Using Azure AD Entitlement Management to onboard and manage users.

In the previous post, I talked about using self-service sign-up via user flows to onboard an external user. With self-service sign-up, you can integrate with custom REST endpoints to implement approval workflows and other business logic. I’ve learned of another way to onboard and manage a user’s access by using Entitlement Management, which has built-in rich approval workflow and access lifecycle so you don’t have to build additional APIs to implement an approval workflow.

What is Entitlement Management

Microsoft has a good description of what’s entitlement management:

Azure Active Directory (Azure AD) entitlement management is an identity governance feature that enables organizations to manage identity and access lifecycle at scale, by automating access request workflows, access assignments, reviews, and expiration.

Entitlement Management Overview

In this post, I discuss the following features under entitlement management: access packages, catalogs, and connected organizations.

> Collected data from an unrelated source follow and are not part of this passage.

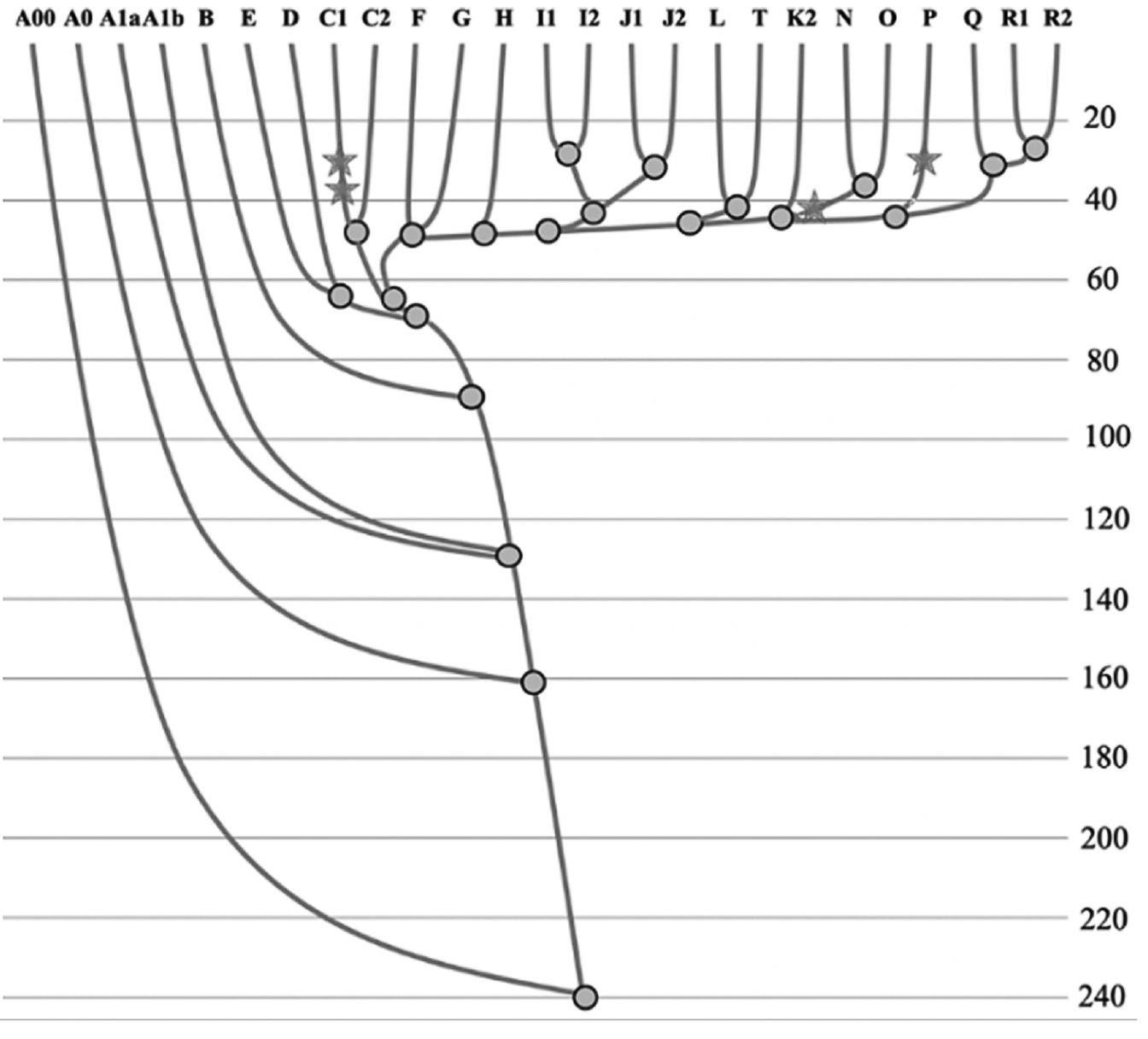 Генеалогическое древо Y-хромосомных гаплогрупп ныне живущих людей. (Звёздочками слева направо помечены позиции, занимаемые на древе людьми эпохи палеолита из Владимирской (Сунгирь), Воронежской (Костенки) и Омской (Усть-Ишим) областей и Якутии (Усть-Яна), у которых была расшифрована ископаемая ДНК (их мы подробно рассмотрим в главе о кривичах).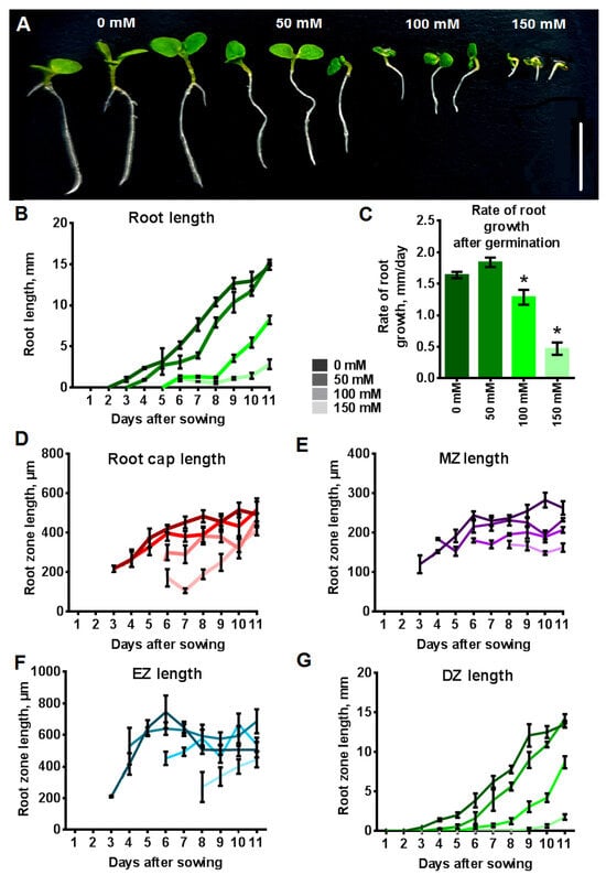 The MZ of seedlings grown with 50 mM NaCl reached a maximum length of 215–255 µm on the sixth day after germination (Figure 7E). The length of the MZ of seedlings growing in the presence of 100 and 150 mM NaCl in media remained unchanged throughout the observation period, measuring 189–207 and 149–170 µm, respectively. These measurements were about 23–49 and 60–89 µm less than the MZ of control plants. On the eleventh day after sowing the MZ was smaller in plants grown with 100 and 150 mM NaCl compared with the control by 56 and 101 µm, respectively (p < 0.05). The EZ of seedlings growing with 50 and 100 mM NaCl did not change in length during the investigation (Figure 7F). It should be noted that their EZ length was slightly longer than that of control plants by the eleventh day. In the case of 150 mM NaCl, the EZ gradually increased, and its length also became comparable to the control plants by the eleventh day.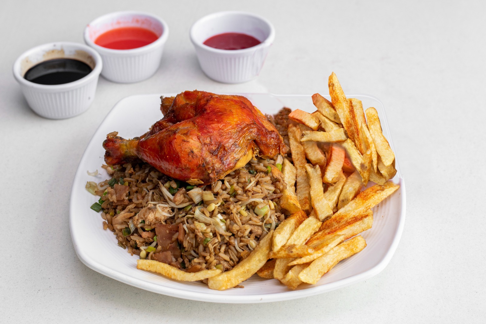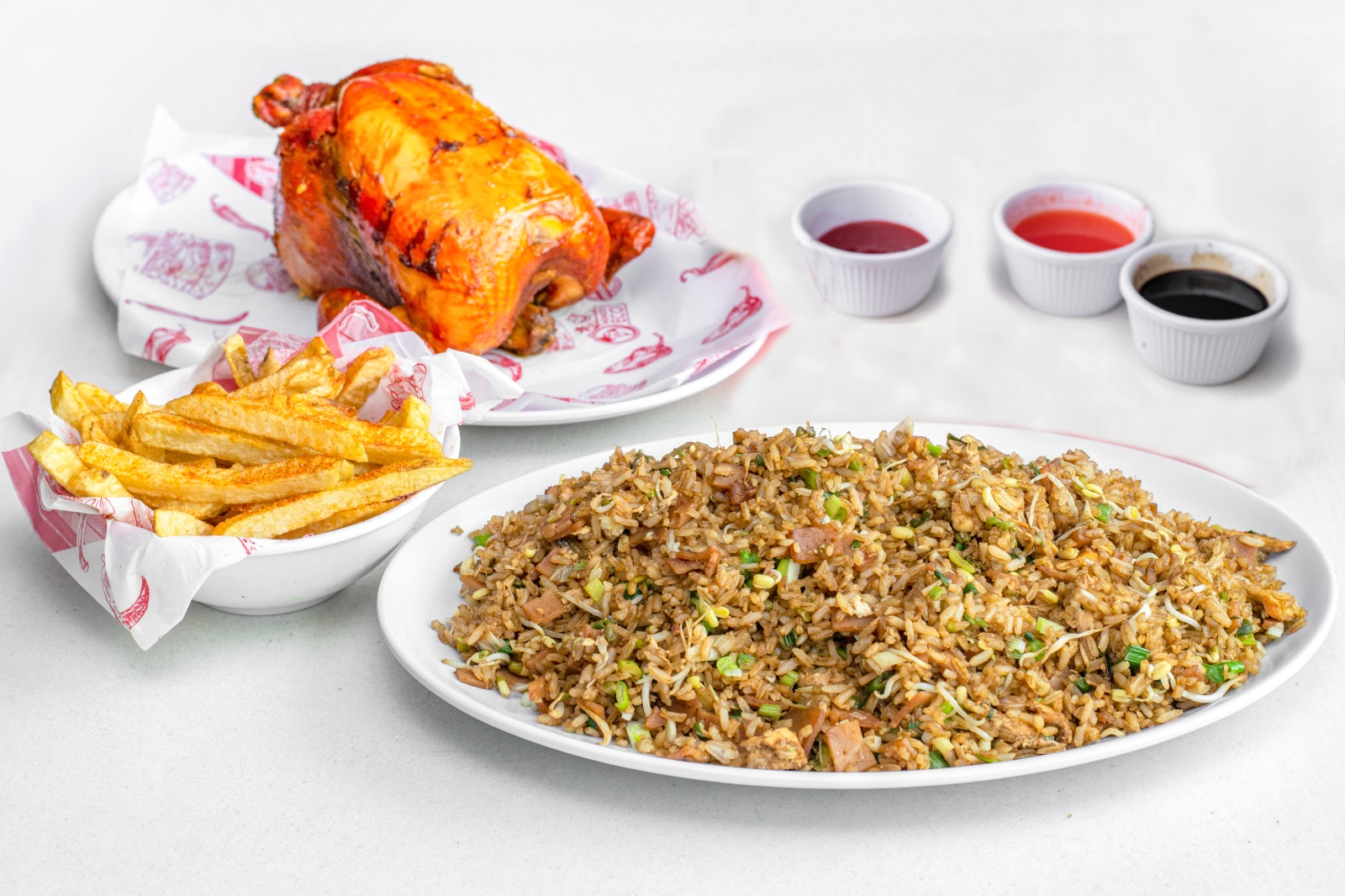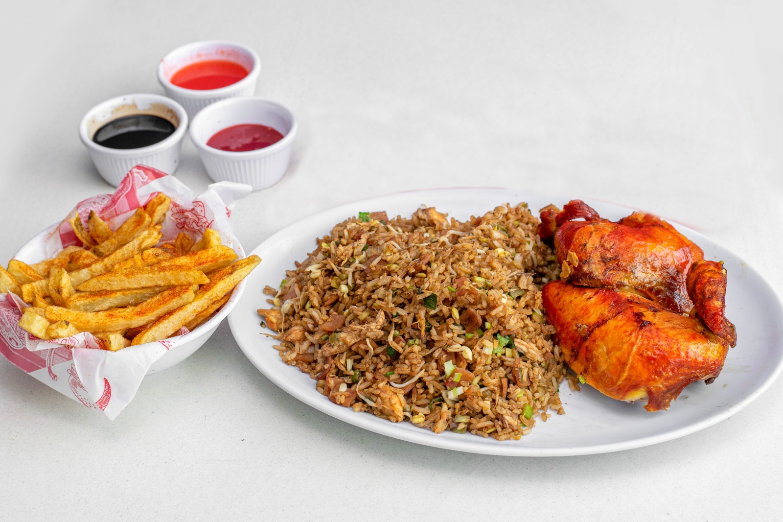 Lleva un arroz oriental mediano (jamón ahumado, tocineta, cebollín y pollo desmechado), acompañado de medio pollo asado o broaster, porción de papa a la francesa
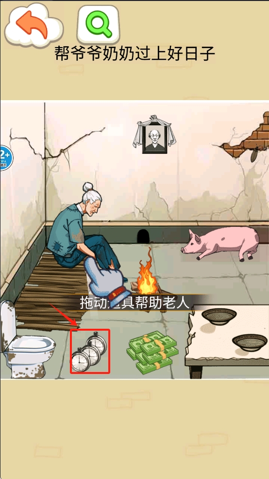 3、在任务界面,拖动道具到指定位置,帮助老人完成任务。

What is an access package?

Conceptually, an access package is a container of resources a user may need. The types of resources can be groups, applications or sharepoint sites. For example, suppose a user needs access to applications A, B, C and groups A, B C. Instead of assign the user each resource individually, you can package the resources into an access package and assign the user the whole package. If the user’s request to the access package is approved, azure ad shall deliver the package to the user. In this example, delivering the access means that azure ad will add the users to the groups A, B, C and apps A, B, C, all at once.

An access package belongs to a catalog, which is basically a way to group resources and access packages together. By default, azure provides the General catalog. You can create more catalogs as necessary. As an example, I created a catalog called Finance and added several applications and groups into the catalog.

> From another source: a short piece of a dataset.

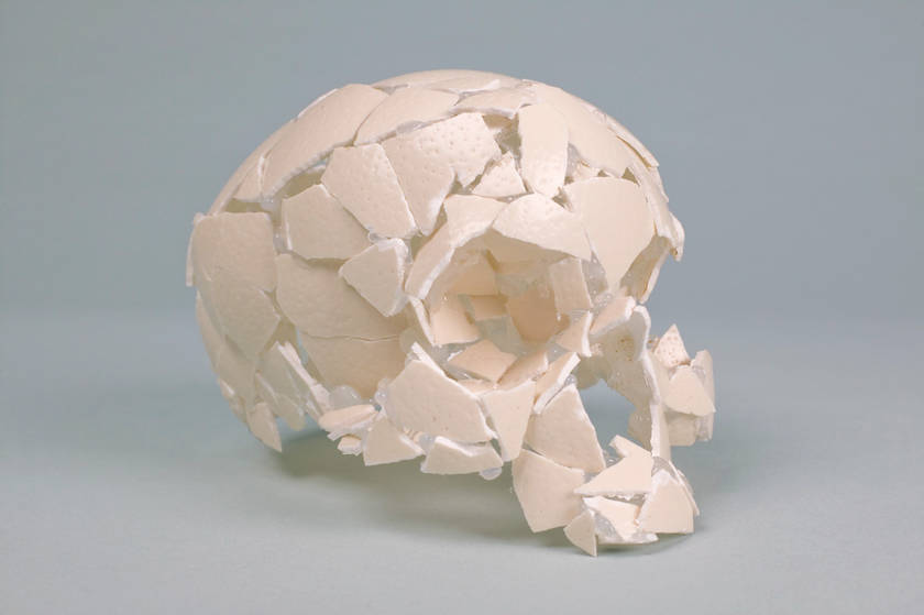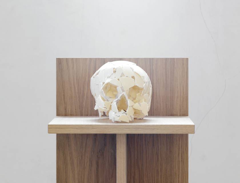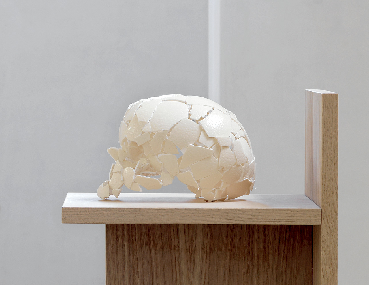 Un crâne humain est reconstitué en trois dimensions à partir d’un œuf d’autruche. L’idée de rapprocher un œuf, objet emblématique du début de la vie, avec un crâne, symbolisant la fin de l’existence, s’est imposée rapidement au vu des similitudes de matière, de volume et de couleur. Il a fallu pourtant briser l’œuf avant de reconstituer – dans un équilibre précaire – l’image d’un crâne. La fragilité de l’opération et son résultat entrent en parfaite adéquation avec le thème de la vanité.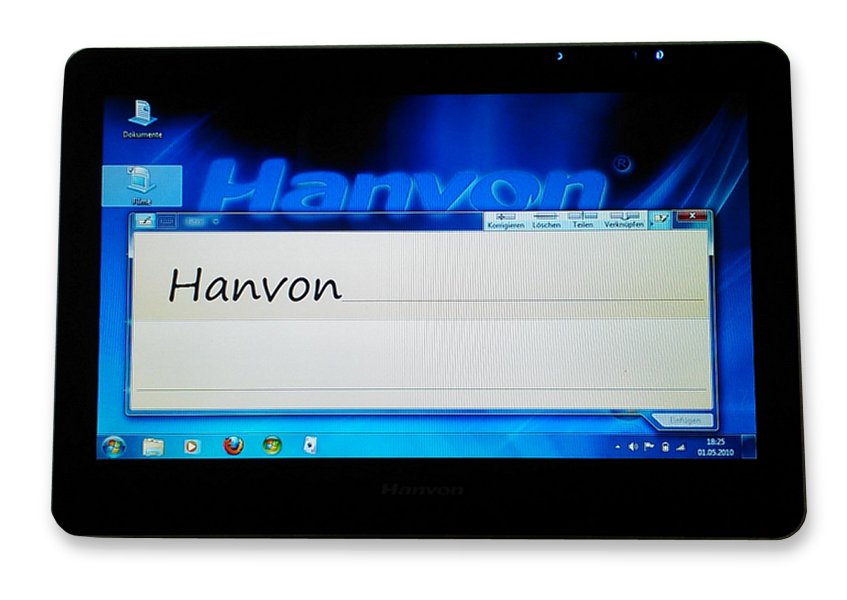 Soeben hat mich die Papyrus GmbH darauf aufmerksam gemacht, dass das Hanvon Touchpad B10 (kaufen) nun endlich auch in Deutschland erscheinen wird. Lange hat es gedauert, denn auf der CES 2010 in Las Vegas im Januar konnte ich am Intel Stand bereits einen Prototypen dieses Windows 7 Tablets begutachten und ein erstes Video drehen. Auf der Cebit im März konnte man bereits fertige Modelle antesten. Nächste Woche soll es soweit sein, das 10-Zoll Tablet mit Intel Celeron ULV 743 mit 1.3GHz, 250GB Festplatte und 2GB Arbeitsspeicher wird für 771,24€ in Deutschland verkauft.

Before you can create an access package, you’ll need either the Azure AD Premium P2 or the Enterprise Mobility + Security (EMS) E5 license.

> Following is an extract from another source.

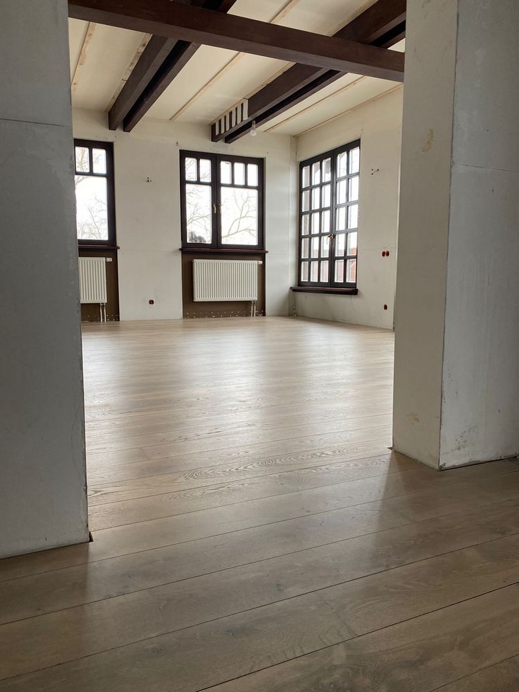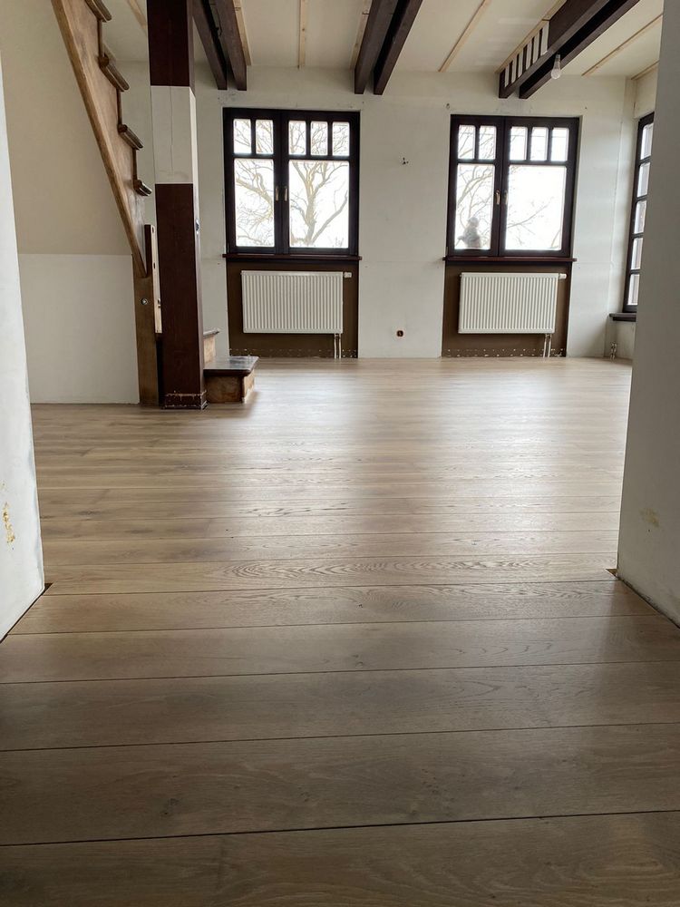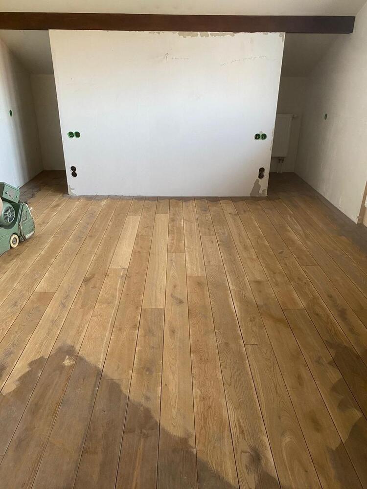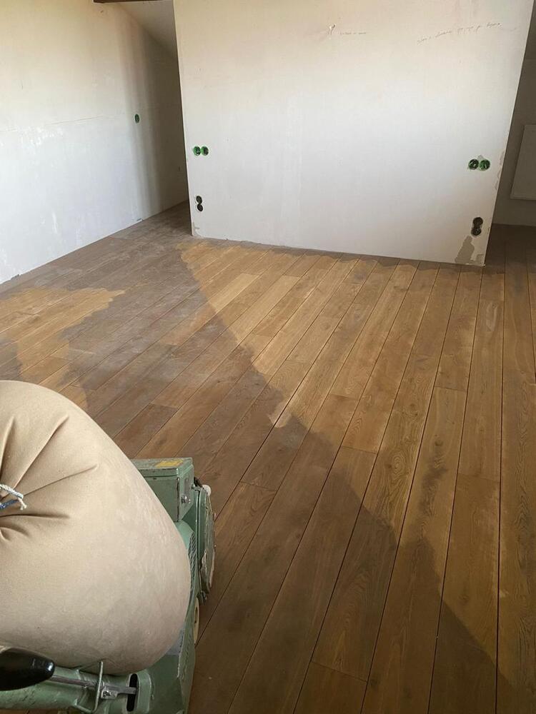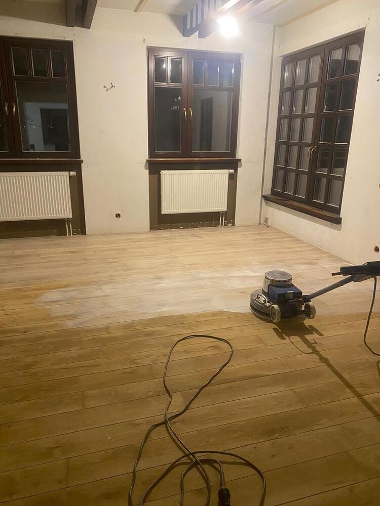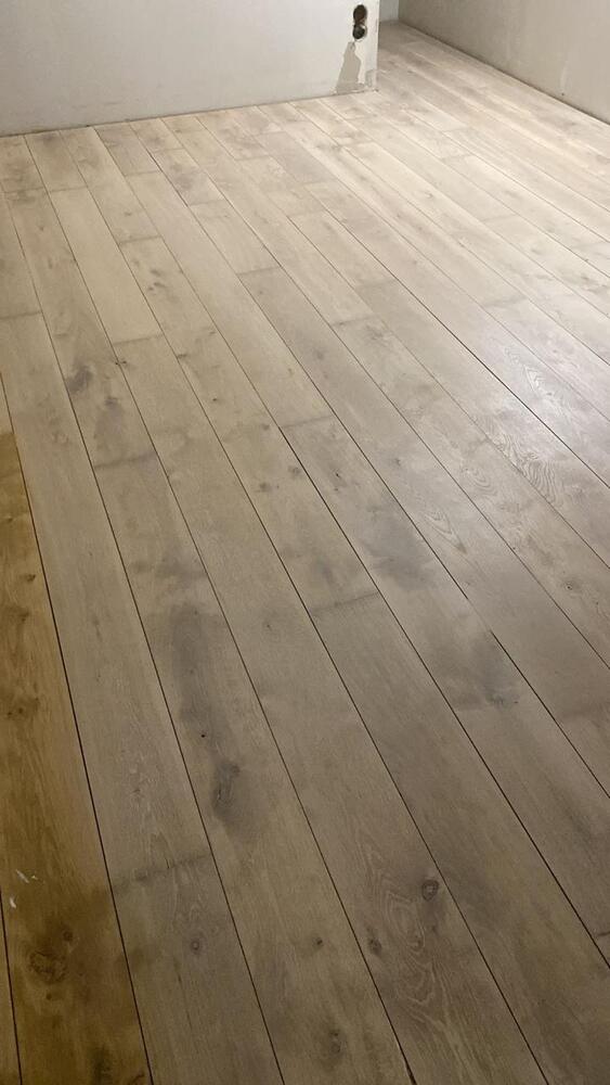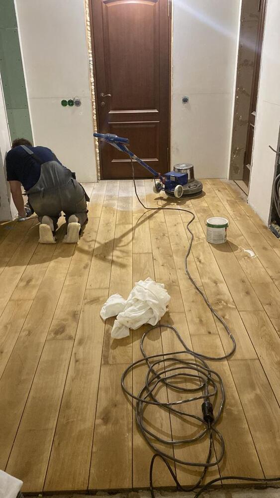 Мастера компании «Вернисаж» выполнили ремонт массивного паркета в частном доме на в Москве. На объекте была уложена массивная доска с аммиачным травлением, довольно сложная в работе.

You can find the tutorial with step-by-step instructions on using access packages to assign and manage access to resources so I’m not going to cover it here.

Connected organizations

Azure AD has the ability to look up an organization based on a domain. For example, if XYZ organization refers to another azure AD, you can look up and add the tenant as a connected organization. In my testing, I created two azure ad tenants with trial licenses and was able to add one tenant to the other as a connected organization. Furthermore, you can add any domain, not just the ones that associate with an azure ad tenant. In fact, you can have a policy that allows users from a connected organization to request access to the package, even if the organization does not represent an azure ad tenant. On requesting the access, the users can authenticate using email one-time passcode authentication. Note that email one-time passcode only works if the URL contains the tenant info. For instance, if the user goes directly to https://myaccess.microsoft.com to view and request access packages, the user will not be able to authenticate using one-time email passcode. When the user enters the email with the format: https://myaccess.microsoft.com/@{tenantName}.onmicrosoft.com#/access-packages/{accessPackageId}, the user can authenticate using email one-time passcode.

Access package policies

Upon creating an access package, you can use policies to specify who can request the access, manage approval workflow and lifecycle of the package. For example, when adding a policy to an access package, I can specify whether the package is for internal users, external users, or direct assignments only.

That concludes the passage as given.